AI Case Study

Google's cocktail party effect uniquely identifies and focuses on an individual's voice while watching a video of people talking in a crowded room

Google Research created models that could separate speech in a crowded room. They created a deep neural network system based on ensembles, convolutional neural networks and bidirectional LSTMs models. They trained it on 2000 hours of video clips of a single person visible to the camera and talking with no background interference. They were able to accurately separate speech and this could lead to applications in speech enhancement and recognition in videos along with improved hearing aids.

Industry

Technology

Internet Services Consumer

Project Overview

Google developed "a deep network-based model that incorporates both visual and auditory signals to solve this task. The visual features are used to 'focus' the audio on desired speakers in a scene and to improve the speech separation quality. To train our joint audio-visual model, we introduce AVSpeech, a new dataset comprised of thousands of hours of video segments from the Web. We demonstrate the applicability of our method to classic speech separation tasks, as well as real-world scenarios involving heated interviews, noisy bars, and screaming children, only requiring the user to specify the face of the person in the video whose speech they want to isolate.

"Our method works on ordinary videos with a single audio track, and all that is required from the user is to select the face of the person in the video they want to hear, or to have such a person be selected algorithmically based on context. We believe this capability can have a wide range of applications, from speech enhancement and recognition in videos, through video conferencing, to improved hearing aids, especially in situations where there are multiple people speaking.

Reported Results

Google claims "clear advantage over state-of-the-art audio-only speech separation in cases of mixed speech. In addition, our model, which is speaker-independent (trained once, applicable to any speaker), produces better results than recent audio-visual speech separation methods that are speaker-dependent (require training a separate model for each speaker of interest)."

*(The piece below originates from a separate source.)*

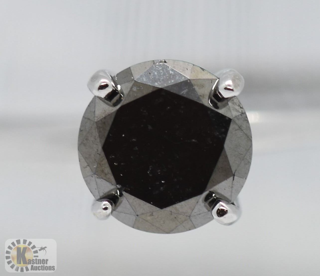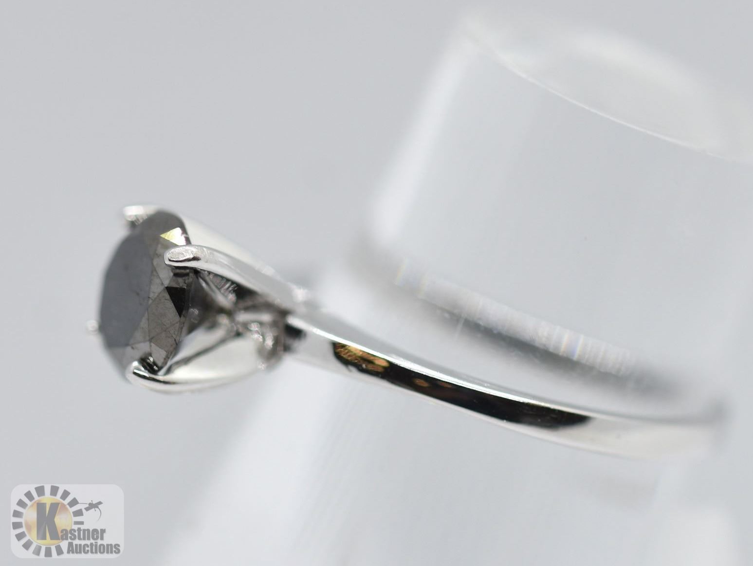 SIZE 6 - 14K WHITE GOLD BLACK DIAMOND(1.3CT) RING(~WEIGHT 2.5G), MADE IN CANADA, APPRAISED RETAIL $1200

Google believes "this capability can have a wide range of applications, from speech enhancement and recognition in videos, through video conferencing, to improved hearing aids, especially in situations where there are multiple people speaking."

Technology

An Audio-Visual Speech Separation Model
"To generate training examples, we started by gathering a large collection of 100,000 high-quality videos of lectures and talks from YouTube. From these videos, we extracted segments with a clean speech (e.g. no mixed music, audience sounds or other speakers) and with a single speaker visible in the video frames. This resulted in roughly 2000 hours of video clips, each of a single person visible to the camera and talking with no background interference. We then used this clean data to generate 'synthetic cocktail parties' -- mixtures of face videos and their corresponding speech from separate video sources, along with non-speech background noise we obtained from AudioSet."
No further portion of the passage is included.